**Work request:** Reproduce the whole listing word for word. Leave every image out.

**Information shown:**
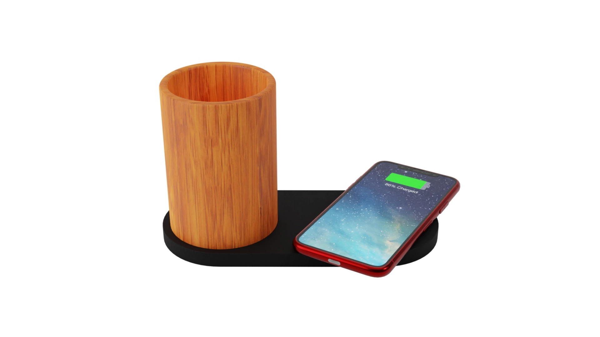 Pot à crayon rond en bois de bouleau FSC. Celui-ci est magnétiquement relié à la base en rubber ABS soft-touch dotée d'un chargeur à induction 10W. La base comporte également deux ports, un port USB type C et un USB-A lui permettant de charger jusqu'à 3 appareils en même temps.
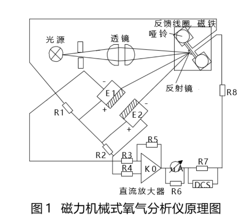 1.1磁機(jī)械式氧分析原理:由于氧氣分子具有較強(qiáng)的順磁性,氧氣分子會(huì)向著磁場(chǎng)增強(qiáng)的方向移動(dòng)。通過(guò)兩種不同的氧含量氣體在磁場(chǎng)作用下所形成的的壓力差,并根據(jù)機(jī)械原理采用一根極為靈敏的鋼絲來(lái)懸吊啞鈴球,兩種不同的氧含量氣體在磁場(chǎng)中的壓力差會(huì)使偏移,而啞鈴球偏轉(zhuǎn)角度與混合氣體中含氧量濃度成正比,并由特定的光源、反射鏡以及感光原件所組成單元準(zhǔn)確地測(cè)定出啞鈴球的偏轉(zhuǎn)角度,進(jìn)而確定混合氣體中氧含量的百分比。
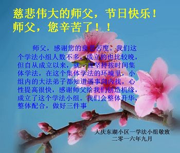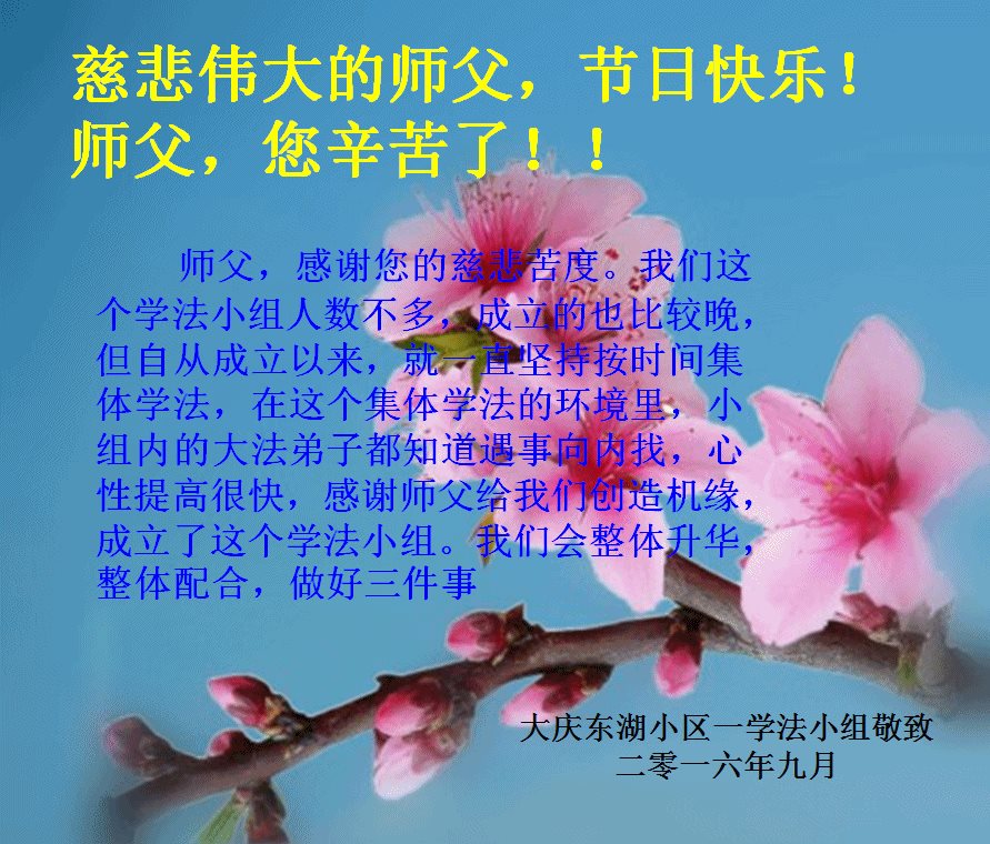 我們能成為師尊的弟子,那是宇宙中至高無上的榮耀!在2016年中秋節來臨之際,我們大慶四位大法弟子及其親屬恭祝慈悲偉大的師尊中秋節好!
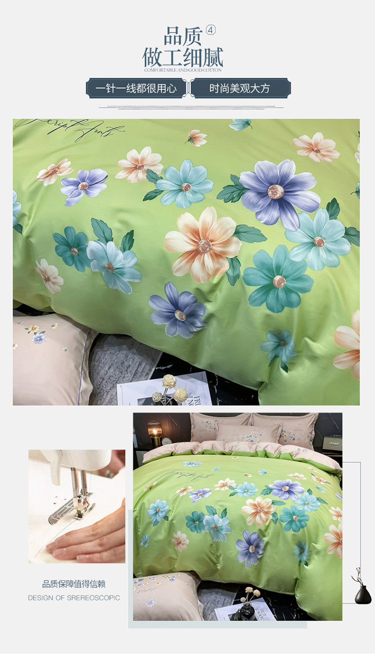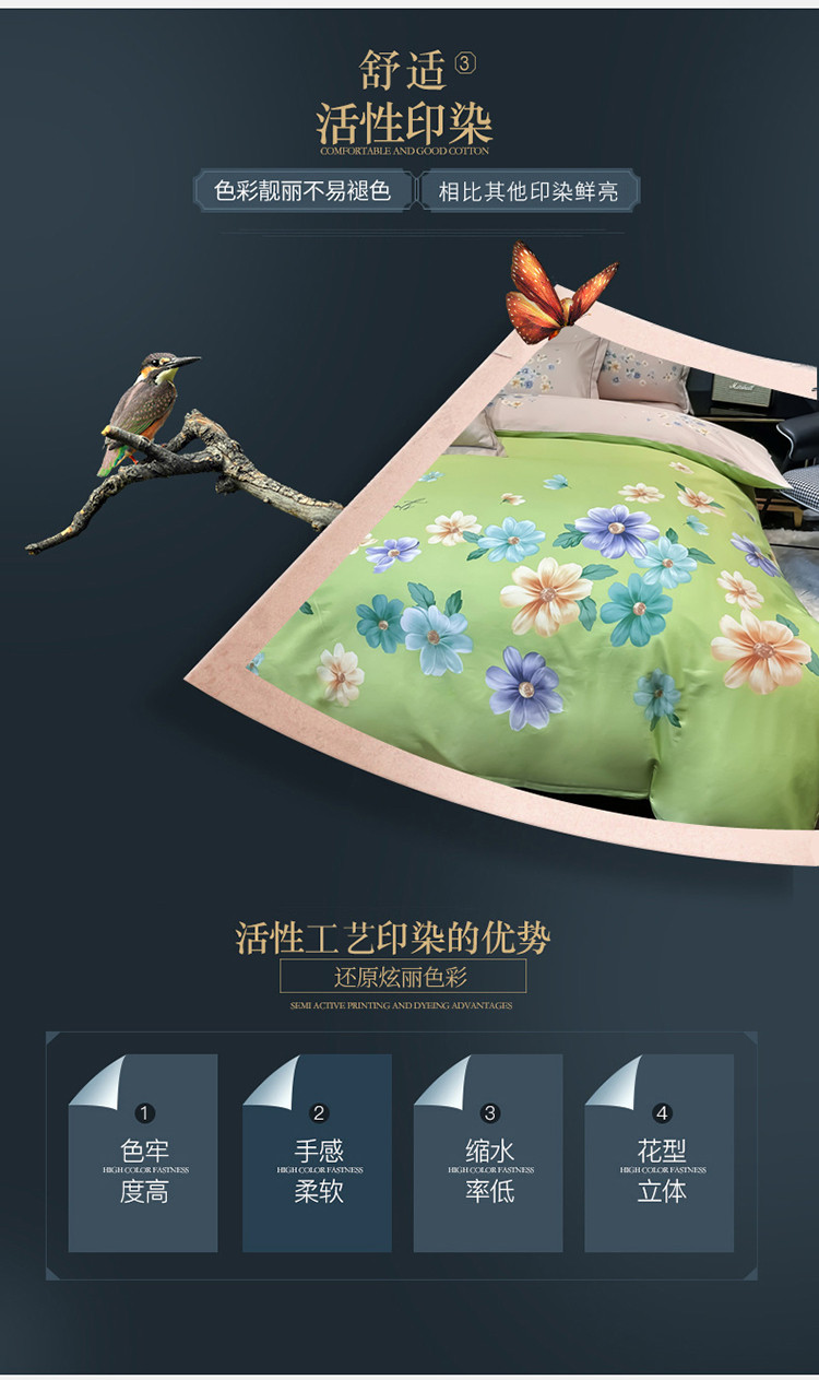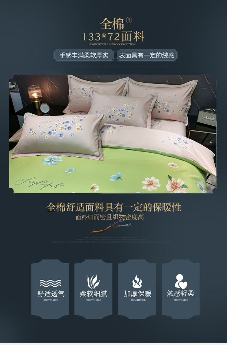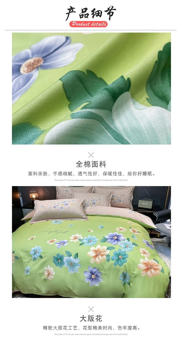 商品名称:金爱家2023新款大版13372全棉花卉系列四件套倾世流年绿

**Finished exercise:**
 Pot à crayon rond en bois de bouleau FSC. Celui-ci est magnétiquement relié à la base en rubber ABS soft-touch dotée d'un chargeur à induction 10W. La base comporte également deux ports, un port USB type C et un USB-A lui permettant de charger jusqu'à 3 appareils en même temps.
 1.1磁機(jī)械式氧分析原理:由于氧氣分子具有較強(qiáng)的順磁性,氧氣分子會(huì)向著磁場(chǎng)增強(qiáng)的方向移動(dòng)。通過(guò)兩種不同的氧含量氣體在磁場(chǎng)作用下所形成的的壓力差,并根據(jù)機(jī)械原理采用一根極為靈敏的鋼絲來(lái)懸吊啞鈴球,兩種不同的氧含量氣體在磁場(chǎng)中的壓力差會(huì)使偏移,而啞鈴球偏轉(zhuǎn)角度與混合氣體中含氧量濃度成正比,并由特定的光源、反射鏡以及感光原件所組成單元準(zhǔn)確地測(cè)定出啞鈴球的偏轉(zhuǎn)角度,進(jìn)而確定混合氣體中氧含量的百分比。
 我們能成為師尊的弟子,那是宇宙中至高無上的榮耀!在2016年中秋節來臨之際,我們大慶四位大法弟子及其親屬恭祝慈悲偉大的師尊中秋節好!
 商品名称:金爱家2023新款大版13372全棉花卉系列四件套倾世流年绿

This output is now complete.